Some 17 months have passed since the worst maritime disaster in recent memory, and new safety recommendations will now be implemented by the U.S. Coast Guard.
On Wednesday, USCG Vice Adm. Scott A. Buschman wrote a letter to Robert L. Sumwalt, chairman of the National Transportation and Safety Board, responding to the seven new safety recommendations made by the NTSB in the wake of the Conception boat fire.
The new safety recommendations were outlined in the Small Passenger Vessel Safety Act introduced by U.S. Rep. Salud Carbajal, D-Santa Barbara, and Sen. Dianne Feinstein, D-California, and Rep. Julia Brownley, D-Ventura County, in 2019. The bill became law Jan. 1 as part of the 2020 National Defense Authorization Act.
“I am grateful to see that the Coast Guard is moving forward with implementing my Small Passenger Vessel Safety Act in a timely manner,” Rep. Carbajal said in a statement. “The Conception boat fire was an avoidable incident, and I’m thankful the Coast Guard is taking the necessary and imperative steps to protect lives by ensuring a similar incident does not happen again.”
Some of the key measures in the law include: smoke detectors and interconnected fire alarms; two means of escape; and roving watch and safety management systems.
All new and currently-in-use small passenger vessels like the Conception will be required to have smoke detectors and interconnected fire alarms in all accommodation spaces. The Conception had a smoke detector in the room where passengers slept, but no smoke detector where the fire is believed to have started or interconnected fire alarms that would have been triggered if one area detected smoke.
All vessels like the Conception are now required to have no fewer than two independent avenues of escape. The Coast Guard is issuing a rulemaking to update this safety requirement.
The Conception had two exits in the sleeping quarters. However both led to areas engulfed by fire. Moreover, one exit was a narrow and difficult-to-reach ceiling hatch.

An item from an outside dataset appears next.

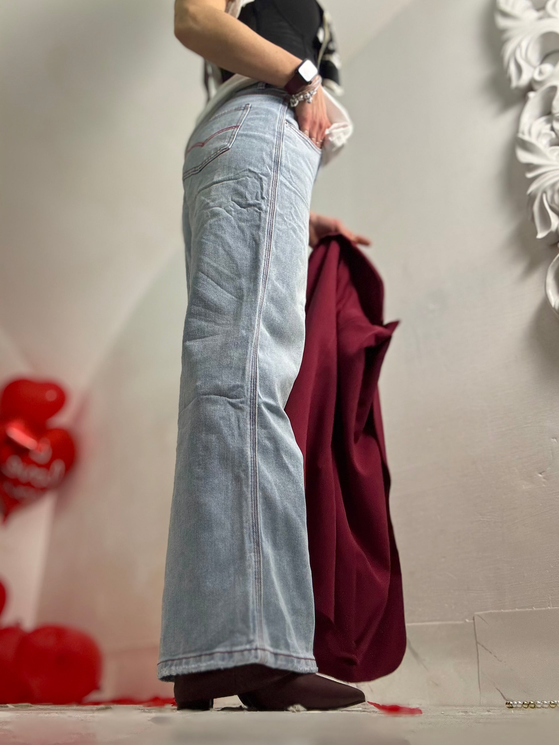 Jeans modello diesel con dettagli cuciture colore a contrasto rosso vestibilità elastici

Finally, current Coast Guard regulations require a nighttime roving watch. However, oversight is lacking. The Coast Guard is issuing new guidance to mandate the logging of completed night watch patrols and going through a notice and comment process for a rulemaking on safety management systems.
A total of 34 people died in the fire, many of whom are believed to have died from smoke inhalation in the bunkroom.

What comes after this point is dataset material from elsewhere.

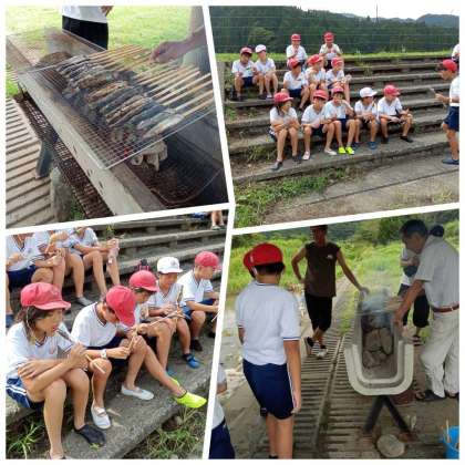 苦労してつかんだ魚は、その場で塩焼きにして食べました。ふっくらと焼き揚がった魚のおいしさは、格別でした。ちなみに今日つかんだ魚は、ニジマスだそうです。

In December 2020, the boat captain of the Conception, 67-year-old Jerry Nehl Boylan, was indicted by a federal grand jury on 34 counts of seaman’s manslaughter. The indictment alleges he, as the captain and master of the vessel, “was responsible for the safety and security of the vessel, its crew and its passengers,” read a statement released by the U.S. District Court for the Central District of California.

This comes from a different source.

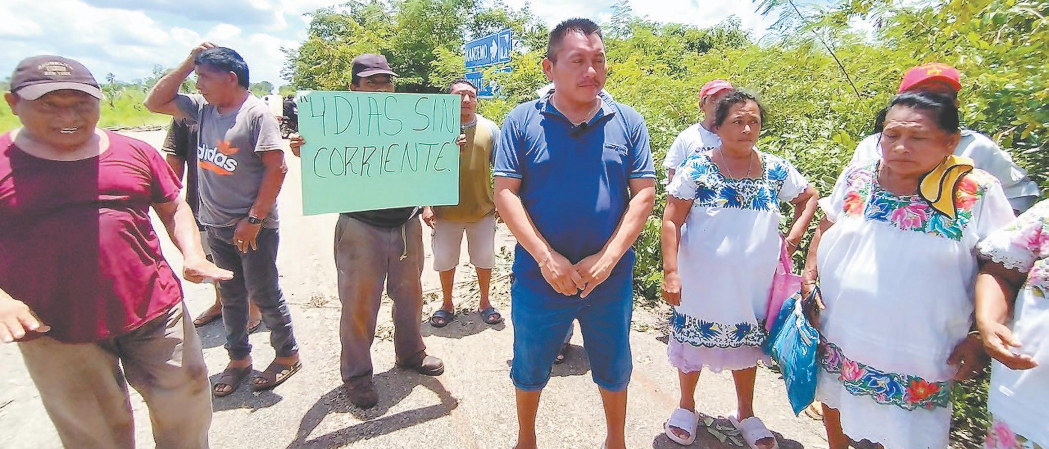 AL notar la presencia de manifestantes, una cuadrilla de la Comisión Federal de Electricidad se retiró sin solucionar los apagones en José María Morelos, lo que causó indignación. Los pobladores cerraron carreteras como medida de presión para solicitar atención.- (Lusio Kauil)

In September 2020, the National Transportation Safety Board released more than 1,600 pages of investigation information related to the dive boat fire. The documents revealed the moments leading up to and following the boat catching fire, including insight from crew members.
In October 2020, the NTSB determined that the probable cause of the boat fire tragedy was the failure of Truth Aquatics Inc., which owned and operated the vessel, to provide effective oversight of the vessel and crew member operations.
The board could not determine the origin area or cause of the fire from wreckage examination. But through interviews with the five surviving crew members, examination of the similar vessel Vision and statements from previous passengers, investigators were able to predict what the origin and cause of the fire relied on.
In January 2020, some nine months before the NTSB held its hearing into the matter, four families of the victims of the boat tragedy filed a lawsuit against Truth Aquatics.
Attorneys Robert Glassman of L.A.-based law firm Panish, Shea, & Boyle and Robert Mongeluzzi and Jeffrey Goodman, maritime lawyers from Philadelphia-based Saltz, Mongeluzzi, Barrett & Bendesky, said the filings are “the most comprehensive to date and assert that the massive inferno — likely caused by an unsafe lithium-ion-battery charging station — was foreseeable and preventable in part due to the failing to have a mandatory overnight safety watch.”
The claims allege the boat fire was started in or near the galley, which is where the lithium-ion battery charging stations would have been located.
Three days after the blaze broke out, attorneys for Truth Aquatics, owner Glen Fritzler and his wife Dana, filed a petition in federal court seeking to fend off any civil actions. The petition cited an 1851 maritime law that could limit the owners’ liability.
The lawsuit announced in January 2020 was filed in response to the petition. Other similar claims were previously filed. The widow of a passenger and a crew member who broke his leg getting to safety have filed claims challenging the liability petition.
“The defendants killed these victims by breaking the law and failing to have a roving night watch whose job was to prevent the very catastrophe that occurred,” Mr. Mongeluzzi said at the time. “Rather than mourn those whose lives they took with their failure to obey the law, they lawyered up and mercilessly filed an action to limit their liability before many of the bodies of these victims were even recovered. We will demolish their frivolous limitation of liability claim and hold them accountable for the outrageous harm they have caused.”